In this tutorial we will manually construct a simple ResNet for protein sequence classification. 

### Hyperparameters

In [None]:
max_context_len = 16  # maximum number of input tokens
feature_dim = 32  # dimension of output features
kernel_size = 3  # size of convolutional kernels 

### A Root Node

In [None]:
import numpy as np
from cortex.model.root import Conv1dRoot
from cortex.tokenization import ProteinSequenceTokenizerFast
from cortex.transforms import HuggingFaceTokenizerTransform

tokenizer = ProteinSequenceTokenizerFast()
root_node = Conv1dRoot(
        tokenizer_transform=HuggingFaceTokenizerTransform(tokenizer),
        max_len=max_context_len,
        embed_dim=feature_dim,  # dimension of initial token embeddings
        channel_dim=feature_dim,  # dimension of intermediate features
        out_dim=feature_dim,
        num_blocks=2,  # number of residual blocks
        kernel_size=kernel_size,
)

protein_seqs = np.array(["M K K I A I A", "E V Q I A I A E"])
root_output = root_node(seq_array=protein_seqs)

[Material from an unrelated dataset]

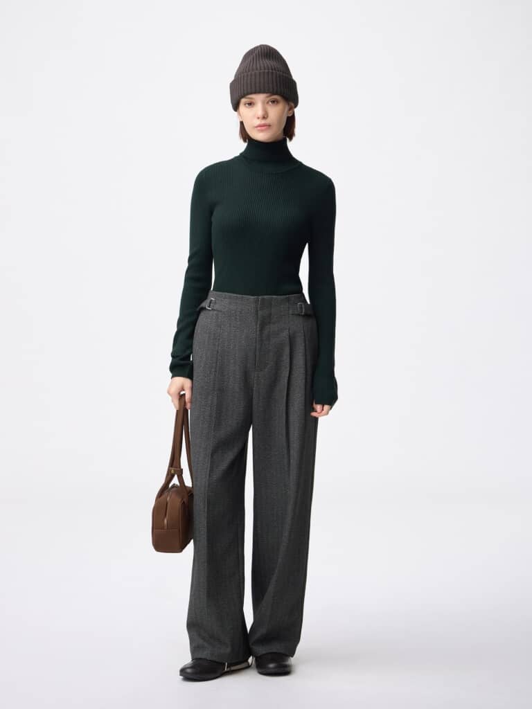 GUの「ヘリンボーンハイウエストパンツ」もおすすめ
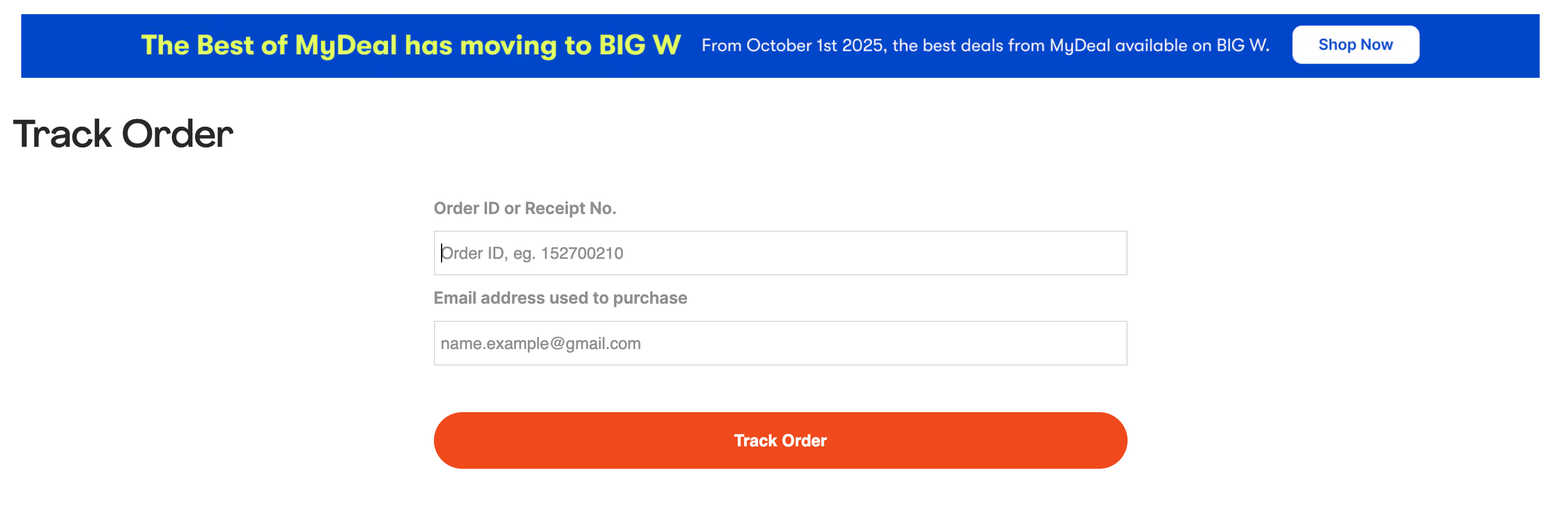 https://www.mydeal.com.au/account/trackorder - Enter Your Details: Input the Order ID and the Email Address used for the order.

print(root_output.root_features.shape)

### A Trunk Node

A `SumTrunk` takes the features of one or more root nodes and sums them together.
If the root nodes have different dimensions, the `SumTrunk` will use a linear layer to project them to the same dimension before summing them together.
In this example we only have one root node and the features are already the same as the output dimension so the trunk is equivalent to an identity function.

In a later tutorial we will see how to use a `SumTrunk` to combine the outputs of multiple root nodes to make a multi-modal model.

In [None]:
from cortex.model.trunk import SumTrunk

num_roots = 1
trunk_node = SumTrunk(in_dims=[feature_dim] * num_roots, out_dim=feature_dim)
trunk_output = trunk_node(root_output)

print(trunk_output.trunk_features.shape)


### A Branch Node

A `BranchNode` learns features for a specific task (or group of tasks). 
In this example we only have one task so we will set `num_blocks=0`, which means the branch node will be equivalent to an identity function.

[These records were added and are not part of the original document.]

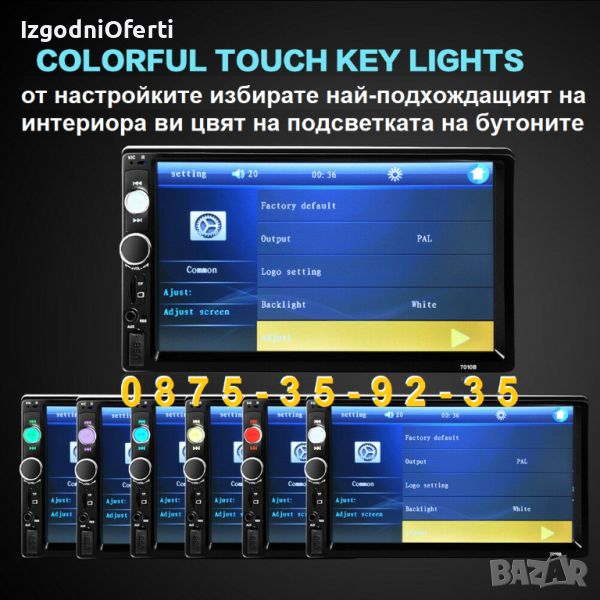 Медията има смяна на цвета на подсветката на бутоните и Mirror Link ( копиране на екрана на вашият мобилен телефон). ПОДДЪРЖА Mirror link фукция за iOS и ANDROID. Съвместим с Apple Carplay и Android Auto.
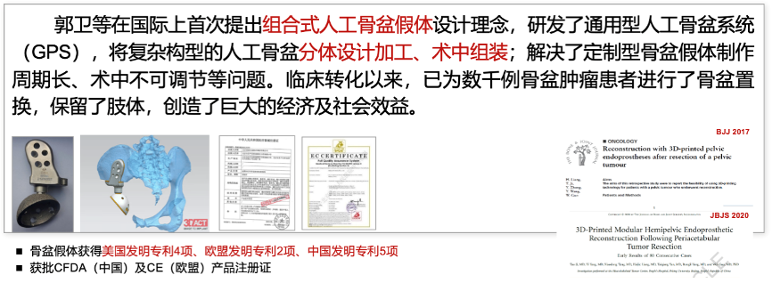 郭卫教授专攻骨肿瘤领域 20年,在大段骨关节缺损修复重建方面进行了一系列的开创性工作。他研发的“通用骨盆假体系统(Global Pelvic System,GPS)”获得美国、欧洲及中国多项专利并成功转化临床,“经腰椎固定半骨盆假体” 使得半侧骨盆切除的患者得以进行保肢治疗,并在国际上首创3D打印人工骶骨假体重建全骶骨切除后腰髂部稳定性。他还设计研发了“双轴型人工膝关节”、“仿生型儿童全膝关节”等多种关节假体,设计使用3D打印人工假体重建大段骨缺损。他首创多种新术式,使得90%以上的患者告别残酷的截肢手术,为数万例患者保留了肢体、恢复了功能,显著提高了患者生活质量,减轻了家庭和社会负担。
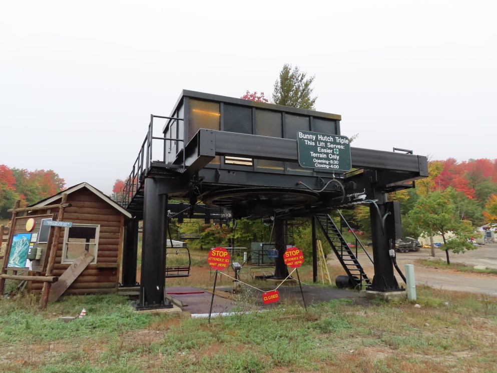 The lone remaining Riblet at a mountain that once had a handful, Bunny Hutch services the Bear Den beginner base area.Fixed return bullwheel at the top.Lift line.Upper part of the lift.Lower lift line. These look like double towers from another lift that were widened.View up from the base.Riblet ’80s-style drive station.Loading area.Side view of the bottom station.
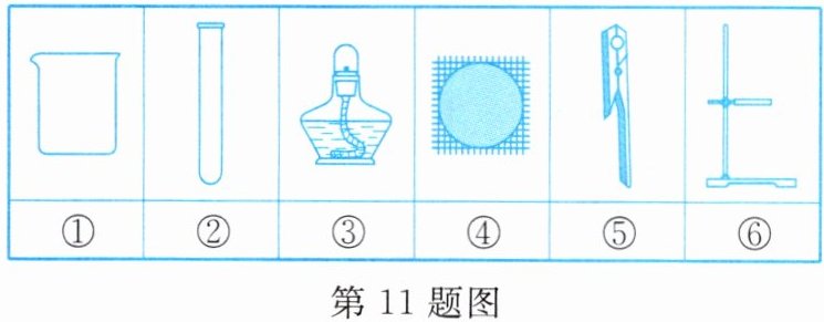 11.D 【解析】加热约3mL液体,属于加热较少体积的液体,应用试管,加热试管中的液体不需要用石棉网,需用酒精灯、试管夹。
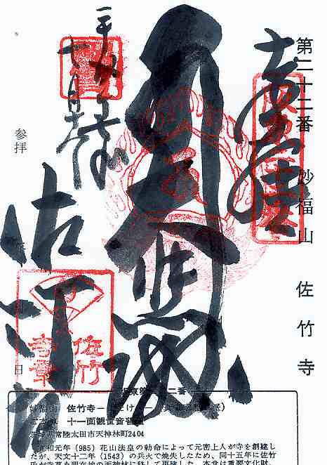 第22番妙福山佐竹寺は茨城県常陸太田市に在って、笠間から常陸太田へ抜ける県道の左側にある。“水戸黄門”で馴染みの西山荘は佐竹寺の少し先に位置し、水戸家歴代の墓所は、更に其の北に位置する瑞龍町にある。
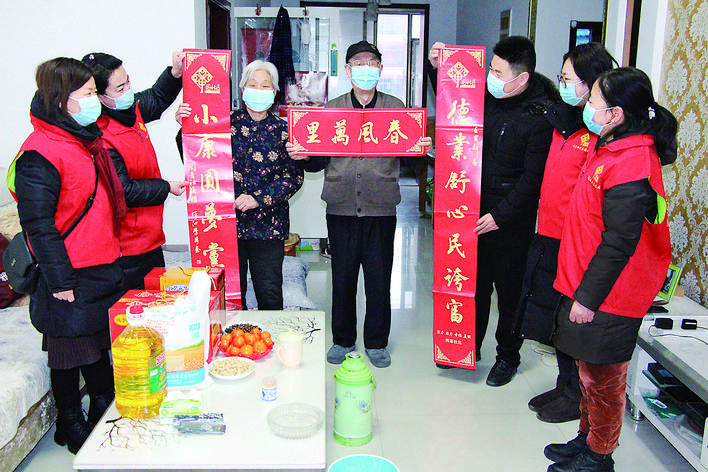 ▲1月29日,闻喜县龙海社区工作人员慰问辖区龙海苑小区八旬空巢老人梁皋、宋温兰夫妇。杨必娇 摄
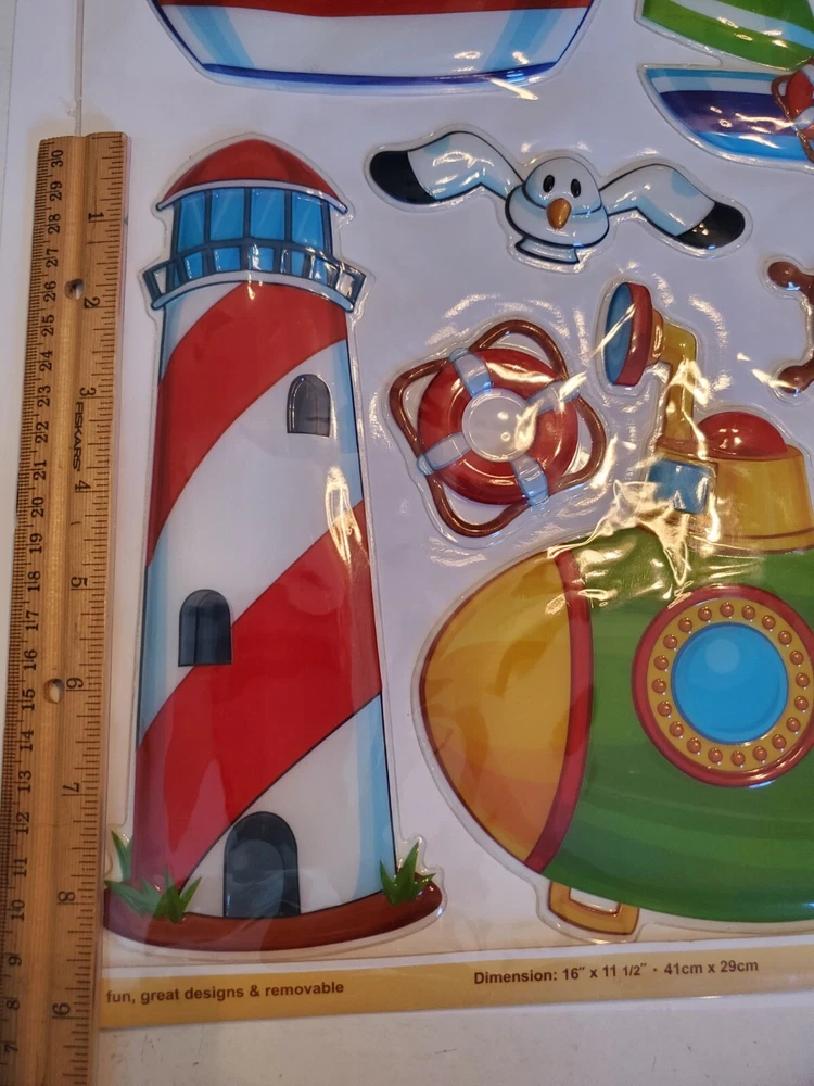 3D Kids Removeable Wall Decor Stickers Out to Sea Lighthouse, Ship, Submarine, Sailboat. We can combine shipping weights and fees if you would like to order multiple items please let us know in advance before you order and we will make you a new listing with all your items included which will save you money.

In a later tutorial we will see how to use a `BranchNode` to learn different features for different tasks in a multi-task model.

In [None]:
from cortex.model.branch import Conv1dBranch

branch_node = Conv1dBranch(
    in_dim=feature_dim,
    channel_dim=feature_dim,
    out_dim=feature_dim,
    num_blocks=0,
    kernel_size=kernel_size,
)
branch_output = branch_node(trunk_output)
print(branch_output.branch_features.shape)

### A Leaf Node

In [None]:
from cortex.model.leaf import ClassifierLeaf

leaf_node = ClassifierLeaf(
    in_dim=feature_dim,
    num_classes=2,
    branch_key="protein_features_0"  # used to attach the leaf to a particular branch
)
leaf_output = leaf_node(branch_output)
print(leaf_output.logits.shape)

### A Neural Tree

We've defined all the nodes we need and shown how to manually pass data through them. 
We can accomplish the same thing by using a `NeuralTree` to manage the nodes for us.


In [None]:
from torch import nn
from cortex.model.tree import SequenceModelTree

tree = SequenceModelTree(
    root_nodes=nn.ModuleDict({"protein_seq": root_node}),  # {"root_key": root_node}
    trunk_node=trunk_node,
    branch_nodes=nn.ModuleDict({"protein_features_0": branch_node}),  # {"branch_key": branch_node}
    leaf_nodes=nn.ModuleDict({"protein_property_0": leaf_node}),  # {"leaf_key": leaf_node}
)

tree_input = {"protein_seq": {"seq_array": protein_seqs}}  # {"root_key": {**root_kwargs}}
tree_output = tree(tree_input)

print(tree_output.leaf_outputs["protein_property_0"].logits.shape)

### Summary

What have we accomplished? This was certainly not the simplest way to construct this particular model, and in fact may have seemed awkward and overly complicated.
As we will see in the next tutorial, the real power of these abstractions comes when we want to define more complex models, or take an existing model and extend its behavior.